Give again the lines of the data from its first line through the line with "Persoană rănită, după". Change nothing.

(Stored data entries)
*****

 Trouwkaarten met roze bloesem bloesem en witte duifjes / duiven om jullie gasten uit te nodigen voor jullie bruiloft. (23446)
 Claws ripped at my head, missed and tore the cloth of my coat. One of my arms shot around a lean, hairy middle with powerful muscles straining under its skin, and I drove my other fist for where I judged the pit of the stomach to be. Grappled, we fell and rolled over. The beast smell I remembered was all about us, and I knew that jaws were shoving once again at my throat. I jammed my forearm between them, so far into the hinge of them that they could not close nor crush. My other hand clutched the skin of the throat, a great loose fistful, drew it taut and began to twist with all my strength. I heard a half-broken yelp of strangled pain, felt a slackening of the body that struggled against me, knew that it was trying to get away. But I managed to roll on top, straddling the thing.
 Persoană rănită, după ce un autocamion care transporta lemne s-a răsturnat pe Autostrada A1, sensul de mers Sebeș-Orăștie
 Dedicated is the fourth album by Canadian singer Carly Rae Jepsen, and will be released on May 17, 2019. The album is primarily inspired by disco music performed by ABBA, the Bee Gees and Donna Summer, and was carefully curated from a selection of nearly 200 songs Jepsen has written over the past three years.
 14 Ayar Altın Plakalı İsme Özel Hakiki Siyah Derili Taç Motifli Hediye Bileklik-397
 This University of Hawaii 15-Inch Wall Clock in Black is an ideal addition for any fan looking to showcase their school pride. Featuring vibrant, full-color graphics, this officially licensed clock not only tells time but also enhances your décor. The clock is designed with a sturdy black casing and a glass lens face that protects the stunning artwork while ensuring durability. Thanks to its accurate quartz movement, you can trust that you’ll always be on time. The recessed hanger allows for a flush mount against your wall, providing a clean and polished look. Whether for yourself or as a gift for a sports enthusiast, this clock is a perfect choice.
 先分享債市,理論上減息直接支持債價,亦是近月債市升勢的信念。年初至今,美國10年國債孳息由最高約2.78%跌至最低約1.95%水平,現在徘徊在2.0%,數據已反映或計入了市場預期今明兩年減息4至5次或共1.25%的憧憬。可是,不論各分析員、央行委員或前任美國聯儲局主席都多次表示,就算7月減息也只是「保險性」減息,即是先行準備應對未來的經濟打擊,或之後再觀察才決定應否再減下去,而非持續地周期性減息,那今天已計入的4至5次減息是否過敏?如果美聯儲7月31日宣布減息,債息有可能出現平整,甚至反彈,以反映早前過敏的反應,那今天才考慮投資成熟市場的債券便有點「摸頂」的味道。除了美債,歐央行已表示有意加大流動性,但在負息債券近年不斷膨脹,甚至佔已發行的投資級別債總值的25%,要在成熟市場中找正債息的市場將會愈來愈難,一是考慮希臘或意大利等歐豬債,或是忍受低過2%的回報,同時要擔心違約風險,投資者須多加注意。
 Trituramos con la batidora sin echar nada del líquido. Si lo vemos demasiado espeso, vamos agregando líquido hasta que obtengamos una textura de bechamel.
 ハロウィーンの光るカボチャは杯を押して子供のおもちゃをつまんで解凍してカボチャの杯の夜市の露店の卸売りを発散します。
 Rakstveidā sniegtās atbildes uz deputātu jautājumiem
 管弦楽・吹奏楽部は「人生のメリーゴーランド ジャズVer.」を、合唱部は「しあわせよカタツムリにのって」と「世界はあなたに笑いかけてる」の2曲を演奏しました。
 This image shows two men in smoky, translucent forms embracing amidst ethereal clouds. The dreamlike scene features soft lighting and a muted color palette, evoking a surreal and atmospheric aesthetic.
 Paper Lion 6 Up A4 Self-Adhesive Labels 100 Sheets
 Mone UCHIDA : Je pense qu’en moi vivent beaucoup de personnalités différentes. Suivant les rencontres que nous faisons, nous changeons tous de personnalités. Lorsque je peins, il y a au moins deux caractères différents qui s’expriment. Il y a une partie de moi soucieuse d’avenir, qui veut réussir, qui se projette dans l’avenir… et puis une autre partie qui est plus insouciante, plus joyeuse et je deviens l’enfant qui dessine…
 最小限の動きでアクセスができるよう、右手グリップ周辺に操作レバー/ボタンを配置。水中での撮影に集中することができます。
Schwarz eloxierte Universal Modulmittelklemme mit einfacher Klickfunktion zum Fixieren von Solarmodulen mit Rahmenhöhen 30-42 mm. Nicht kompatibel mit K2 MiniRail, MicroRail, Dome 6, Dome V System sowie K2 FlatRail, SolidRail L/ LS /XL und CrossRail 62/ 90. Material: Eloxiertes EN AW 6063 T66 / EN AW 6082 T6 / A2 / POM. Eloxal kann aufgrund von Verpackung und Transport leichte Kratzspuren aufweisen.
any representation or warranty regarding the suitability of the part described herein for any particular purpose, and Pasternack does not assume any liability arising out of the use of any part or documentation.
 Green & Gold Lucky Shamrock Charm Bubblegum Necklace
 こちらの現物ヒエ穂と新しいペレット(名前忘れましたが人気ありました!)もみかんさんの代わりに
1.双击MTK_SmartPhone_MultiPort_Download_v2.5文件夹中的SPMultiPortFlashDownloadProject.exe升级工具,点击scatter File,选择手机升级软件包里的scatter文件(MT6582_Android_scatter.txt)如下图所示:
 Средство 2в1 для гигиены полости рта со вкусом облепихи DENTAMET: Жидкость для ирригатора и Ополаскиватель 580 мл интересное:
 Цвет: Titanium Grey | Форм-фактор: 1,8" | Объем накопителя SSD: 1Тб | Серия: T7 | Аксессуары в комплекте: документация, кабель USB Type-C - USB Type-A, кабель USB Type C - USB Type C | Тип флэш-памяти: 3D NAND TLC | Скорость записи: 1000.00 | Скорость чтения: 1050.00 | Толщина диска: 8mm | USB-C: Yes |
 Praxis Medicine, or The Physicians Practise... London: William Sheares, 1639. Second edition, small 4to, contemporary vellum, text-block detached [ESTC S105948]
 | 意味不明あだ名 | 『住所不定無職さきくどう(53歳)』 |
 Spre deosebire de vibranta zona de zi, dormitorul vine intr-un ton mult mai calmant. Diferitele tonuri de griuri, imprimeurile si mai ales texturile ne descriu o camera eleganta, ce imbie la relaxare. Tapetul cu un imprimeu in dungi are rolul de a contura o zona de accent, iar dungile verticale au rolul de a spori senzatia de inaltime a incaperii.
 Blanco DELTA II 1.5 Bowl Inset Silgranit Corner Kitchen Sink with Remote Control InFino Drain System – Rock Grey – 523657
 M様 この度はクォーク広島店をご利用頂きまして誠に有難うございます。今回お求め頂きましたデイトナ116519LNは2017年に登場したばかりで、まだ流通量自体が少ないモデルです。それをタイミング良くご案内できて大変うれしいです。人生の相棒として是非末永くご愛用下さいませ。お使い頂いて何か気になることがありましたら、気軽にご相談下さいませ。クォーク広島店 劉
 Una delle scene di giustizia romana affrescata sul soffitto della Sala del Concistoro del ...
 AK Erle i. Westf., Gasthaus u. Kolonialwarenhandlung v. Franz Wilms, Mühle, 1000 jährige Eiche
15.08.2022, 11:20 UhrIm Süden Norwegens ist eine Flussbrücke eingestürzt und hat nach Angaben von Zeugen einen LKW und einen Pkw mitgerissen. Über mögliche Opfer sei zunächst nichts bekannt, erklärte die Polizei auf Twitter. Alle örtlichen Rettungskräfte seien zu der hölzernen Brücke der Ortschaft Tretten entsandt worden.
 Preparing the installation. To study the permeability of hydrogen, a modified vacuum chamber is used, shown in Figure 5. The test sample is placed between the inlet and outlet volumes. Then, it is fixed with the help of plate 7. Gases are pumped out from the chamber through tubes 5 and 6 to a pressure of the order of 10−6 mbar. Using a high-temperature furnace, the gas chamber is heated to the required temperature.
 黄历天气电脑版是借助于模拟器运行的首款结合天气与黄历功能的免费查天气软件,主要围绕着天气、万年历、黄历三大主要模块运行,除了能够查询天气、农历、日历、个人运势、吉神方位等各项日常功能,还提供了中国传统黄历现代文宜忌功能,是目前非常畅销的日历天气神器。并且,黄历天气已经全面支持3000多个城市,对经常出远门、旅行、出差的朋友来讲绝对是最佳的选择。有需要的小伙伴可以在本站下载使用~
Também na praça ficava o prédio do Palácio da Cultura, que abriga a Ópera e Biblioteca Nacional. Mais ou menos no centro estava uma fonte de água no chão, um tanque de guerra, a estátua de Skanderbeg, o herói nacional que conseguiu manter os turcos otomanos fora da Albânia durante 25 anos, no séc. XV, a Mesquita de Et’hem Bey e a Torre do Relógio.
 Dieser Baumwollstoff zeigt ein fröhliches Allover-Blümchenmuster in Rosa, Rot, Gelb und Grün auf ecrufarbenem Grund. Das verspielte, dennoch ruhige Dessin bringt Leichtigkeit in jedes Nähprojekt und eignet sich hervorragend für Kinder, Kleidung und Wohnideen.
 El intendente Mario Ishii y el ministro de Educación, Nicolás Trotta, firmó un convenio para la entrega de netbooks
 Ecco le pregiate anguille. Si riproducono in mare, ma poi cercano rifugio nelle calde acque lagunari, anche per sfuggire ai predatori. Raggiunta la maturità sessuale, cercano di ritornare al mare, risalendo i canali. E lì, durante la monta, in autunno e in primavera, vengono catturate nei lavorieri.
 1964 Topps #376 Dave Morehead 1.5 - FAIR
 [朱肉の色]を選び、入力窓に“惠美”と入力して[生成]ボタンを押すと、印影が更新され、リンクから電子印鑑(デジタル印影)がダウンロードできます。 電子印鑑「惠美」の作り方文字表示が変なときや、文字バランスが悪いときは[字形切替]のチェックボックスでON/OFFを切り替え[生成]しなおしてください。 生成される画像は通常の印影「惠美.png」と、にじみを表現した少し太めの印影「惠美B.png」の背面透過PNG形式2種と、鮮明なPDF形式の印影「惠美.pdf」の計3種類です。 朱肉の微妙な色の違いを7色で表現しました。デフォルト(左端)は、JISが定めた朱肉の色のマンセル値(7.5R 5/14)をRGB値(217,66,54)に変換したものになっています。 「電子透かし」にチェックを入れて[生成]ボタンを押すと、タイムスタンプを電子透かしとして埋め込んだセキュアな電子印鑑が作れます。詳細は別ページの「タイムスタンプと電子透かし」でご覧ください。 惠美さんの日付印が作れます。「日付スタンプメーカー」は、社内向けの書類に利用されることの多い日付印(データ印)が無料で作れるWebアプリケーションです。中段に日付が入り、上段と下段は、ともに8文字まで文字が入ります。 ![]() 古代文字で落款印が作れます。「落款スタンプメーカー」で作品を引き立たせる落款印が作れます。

*****

* **Output for this task**
 Trouwkaarten met roze bloesem bloesem en witte duifjes / duiven om jullie gasten uit te nodigen voor jullie bruiloft. (23446)
 Claws ripped at my head, missed and tore the cloth of my coat. One of my arms shot around a lean, hairy middle with powerful muscles straining under its skin, and I drove my other fist for where I judged the pit of the stomach to be. Grappled, we fell and rolled over. The beast smell I remembered was all about us, and I knew that jaws were shoving once again at my throat. I jammed my forearm between them, so far into the hinge of them that they could not close nor crush. My other hand clutched the skin of the throat, a great loose fistful, drew it taut and began to twist with all my strength. I heard a half-broken yelp of strangled pain, felt a slackening of the body that struggled against me, knew that it was trying to get away. But I managed to roll on top, straddling the thing.
 Persoană rănită, după ce un autocamion care transporta lemne s-a răsturnat pe Autostrada A1, sensul de mers Sebeș-Orăștie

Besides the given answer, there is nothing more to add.